__THE PROBLEM__
Please output the section of the listing below that opens with the line containing "Huge Sterling Silver" and closes with the line containing "[야간연장식단] 2025년 11월 유아 야간연장 식단", exactly and with nothing else.

__DATA EXTRACT__
---*---
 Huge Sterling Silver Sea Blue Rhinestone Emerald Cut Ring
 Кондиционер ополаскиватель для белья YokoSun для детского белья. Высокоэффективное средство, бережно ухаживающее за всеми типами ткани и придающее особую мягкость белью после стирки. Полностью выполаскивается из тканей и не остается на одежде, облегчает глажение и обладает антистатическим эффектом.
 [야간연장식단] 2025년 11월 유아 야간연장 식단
---*---
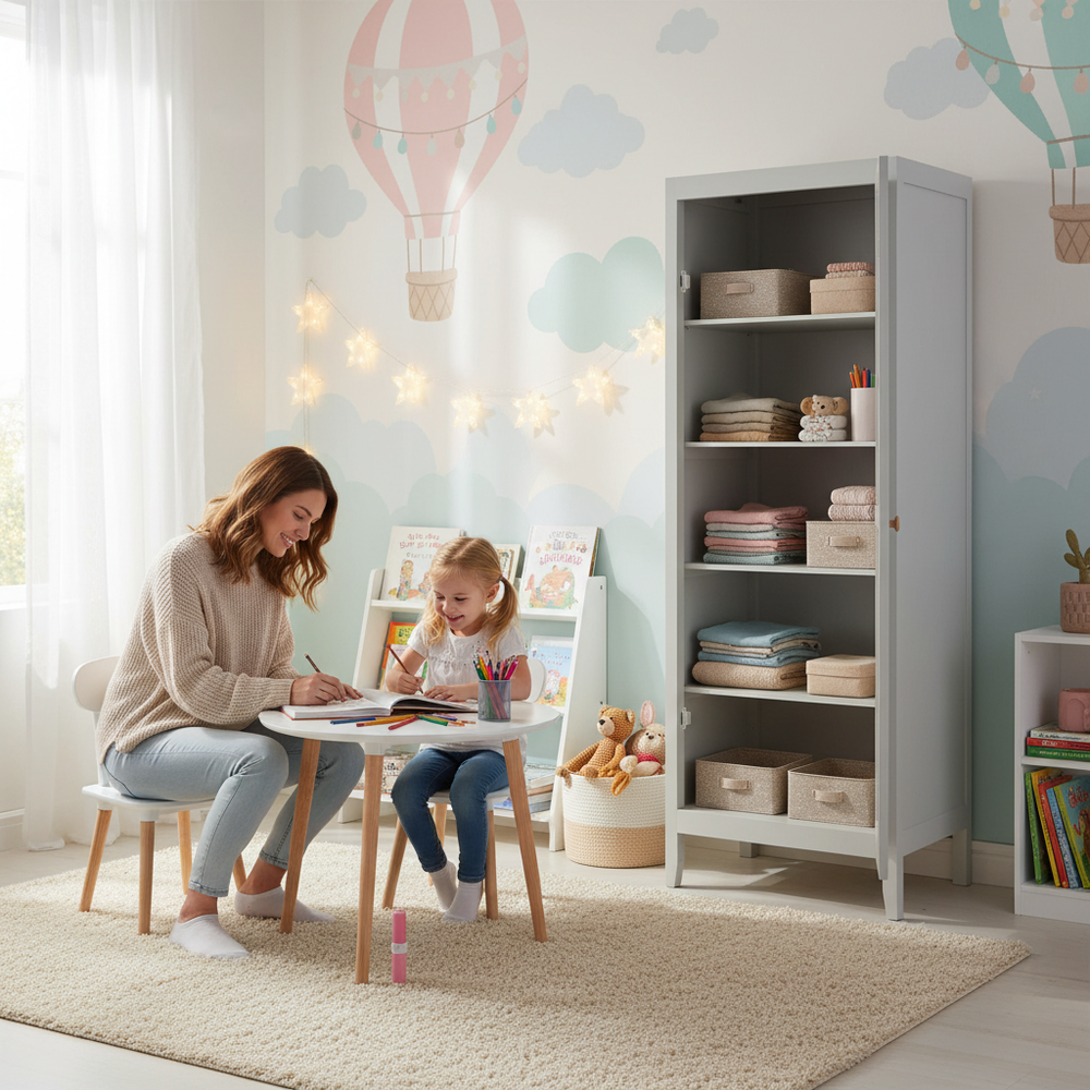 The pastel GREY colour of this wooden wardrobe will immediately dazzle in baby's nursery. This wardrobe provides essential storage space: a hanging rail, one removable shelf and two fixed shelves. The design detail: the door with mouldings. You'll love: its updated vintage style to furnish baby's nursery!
---*---
__TASK OUTPUT__
 Huge Sterling Silver Sea Blue Rhinestone Emerald Cut Ring
 Кондиционер ополаскиватель для белья YokoSun для детского белья. Высокоэффективное средство, бережно ухаживающее за всеми типами ткани и придающее особую мягкость белью после стирки. Полностью выполаскивается из тканей и не остается на одежде, облегчает глажение и обладает антистатическим эффектом.
 [야간연장식단] 2025년 11월 유아 야간연장 식단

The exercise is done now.